Corydon Thomas J, Bek Toke
Department of Biomedicine, Hoegh Guldbergs Gade 10, Aarhus University, 8000, Aarhus C, Denmark; Department of Ophthalmology, Aarhus University Hospital, Palle Juul-Jensens Boulevard 99, 8200, Aarhus N, Denmark.
Department of Ophthalmology, Aarhus University Hospital, Palle Juul-Jensens Boulevard 99, 8200, Aarhus N, Denmark.
Prog Retin Eye Res. 2025 Jan;104:101323. doi: 10.1016/j.preteyeres.2024.101323. Epub 2024 Dec 11.
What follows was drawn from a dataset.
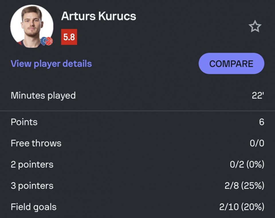 #LOSE A.Kurucs 7.5+ (6pts) ❌❌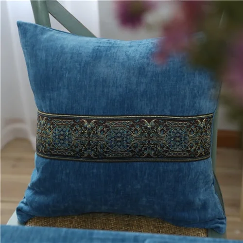 5Styles Embroidered Suede Cushion Bedding Cushion Lumbar Decorative Sofa Seat Car Soft Cushion Pillowcase Water Lake Blue

Anti-vascular endothelial growth factor (VEGF) therapies have revolutionized the treatment of neovascular age-related macular degeneration (nAMD) and other retinal diseases. However, the necessity for repeated intravitreal injections and the observation of variable treatment responses calls for new treatment modalities where fewer and more effective interventions can result in a clinical effect. Gene therapy might be such an alternative, and therefore the development and clinical application of gene therapy aimed at modifying gene expression has received considerable attention. The article reviews current knowledge of the background, pathophysiological mechanisms, technologies, limitations, and future directions for gene therapy aimed at modifying the synthesis of compounds involved in acquired and senescent retinal disease. The authors have contributed to the field by developing gene therapy to reduce the expression of vascular endothelial growth factor (VEGF), as well as multiple gene therapy for simultaneous downregulation of the synthesis of VEGF and upregulation of pigment epithelium-derived factor (PEDF) using adeno-associated virus (AAV) vectors. It is suggested that such multi-target gene therapy might be included in future treatments of retinal diseases where the underlying mechanisms are complex and cannot be attributed to one specific mediator. Such diseases might include dry AMD (dAMD) with geographic atrophy, but also diabetic macular edema (DME) and retinal vein occlusion (RVO). Gene therapy can be expected to be most beneficial for the patients in need of multiple intra-vitreal injections and in whom the therapeutic response is insufficient. It is concluded, that in parallel with basic research, there is a need for clinical studies aimed at identifying factors that can be used to identify patients who will benefit from gene therapy already at the time of diagnosis of the retinal disease.
抗血管内皮生长因子(VEGF)疗法彻底改变了新生血管性年龄相关性黄斑变性(nAMD)及其他视网膜疾病的治疗方式。然而,由于需要反复进行玻璃体内注射,且观察到治疗反应存在差异,因此需要新的治疗模式,即采用更少且更有效的干预措施就能产生临床效果。基因治疗可能是一种选择,因此旨在改变基因表达的基因治疗的开发和临床应用受到了广泛关注。本文综述了旨在改变与获得性和衰老性视网膜疾病相关化合物合成的基因治疗的背景、病理生理机制、技术、局限性及未来方向的现有知识。作者通过开发基因治疗来降低血管内皮生长因子(VEGF)的表达,以及利用腺相关病毒(AAV)载体同时下调VEGF合成和上调色素上皮衍生因子(PEDF)的多基因治疗,为该领域做出了贡献。有人认为,这种多靶点基因治疗可能会被纳入未来视网膜疾病的治疗中,这些疾病的潜在机制复杂,不能归因于一种特定的介质。此类疾病可能包括伴有地图样萎缩的干性年龄相关性黄斑变性(dAMD),还有糖尿病性黄斑水肿(DME)和视网膜静脉阻塞(RVO)。基因治疗预计对需要多次玻璃体内注射且治疗反应不足的患者最为有益。结论是,在进行基础研究的同时,需要开展临床研究,以确定在视网膜疾病诊断时可用于识别将从基因治疗中获益的患者的因素。